Companies have now increasingly become aware of the importance of workplace safety. From proper risk management to employee training programs, organizations are utilizing workplace safety to increase their workforce’s effectiveness. By reducing employee absenteeism, increasing employee satisfaction and morale, reducing costs related to insurance claims, and increasing employee retention and talent attraction, companies are now ready to reap the benefits of workplace safety programs.
It is great that organizations are focused on how to prevent workplace injuries. For companies, this is one very important safety factor. This is the concept of crisis management or disaster management.
Most companies aren’t even aware of what crisis management is, let alone implement effective programs.
What is Crisis Management According to John Spach
Crisis management is the process through which an organization uses its resources to deal with any disaster or crisis. This management of a crisis is both preventive and active. Crisis management allows organizations to take pre-emptive steps to prevent disasters from mitigating their effects on their business. It also deals with the immediate aftermath, which focuses on preserving the company’s assets and stakeholders.
Crisis management deals with both industrial and environmental disasters. Without a proper crisis management system in place, a company can suffer tremendous losses, both in terms of human lives and finances.
Why is Crisis Management Important?
Crisis management involves steps that try to ensure that try to prevent any disasters and mitigate their impact. A good crisis management system can quickly deal with whatever disaster affects the organization and resolve it quickly and efficiently.
Thus, a good crisis management system will save lives and the finances of any company. When a crisis is not managed properly, it can lead to a catastrophic loss of life.

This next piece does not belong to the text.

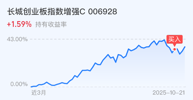 3.我加仓$长城创业板指数增强C$2000元。今天创业板指低开高走,短期指标KDJ有金叉形成趋势。受需求端刺激、AI重塑盈利等因素考虑,高盛把我国市场从“逢高减持”转向“逢低买入”,并表示我国市场正开启一轮更持久的慢牛。叠加市场对美联储降息保持高度乐观,在外资唱多声下是有望吸引区域资金涌入炒作。

History has proven this with incidents like the Union Carbide Plant Leak.
If humanitarian grounds do not concern you, then you should also note that poor crisis management directly affects an organization’s bottom line. Whether it is plummeting stock prices, or a massive loss to company assets, or important stakeholders losing trust in the company, a crisis can affect any company to the core. Having disaster insurance or policy doesn’t make up for the blow dealt to the finances by a crisis in the long term. Studies have shown that proper management of a disaster is more impactful than disaster insurance in terms of recovery.
By having a proper channel to deal with any crisis, businesses can prevent, or at the very least, mitigate such effects.
John Spach explains that instead of devoting resources to figure out a good crisis management system on your own, you can make the process easier by relying on experts. Experts in crisis management systems, companies, and institutes have studied the best ways to both prevent and mitigate disasters.
This is not only cost-efficient for your organization but a much more impactful method of using crisis management. Experts can pinpoint areas that will need the most attention and can have plans and resources ready to be used whenever a crisis strikes.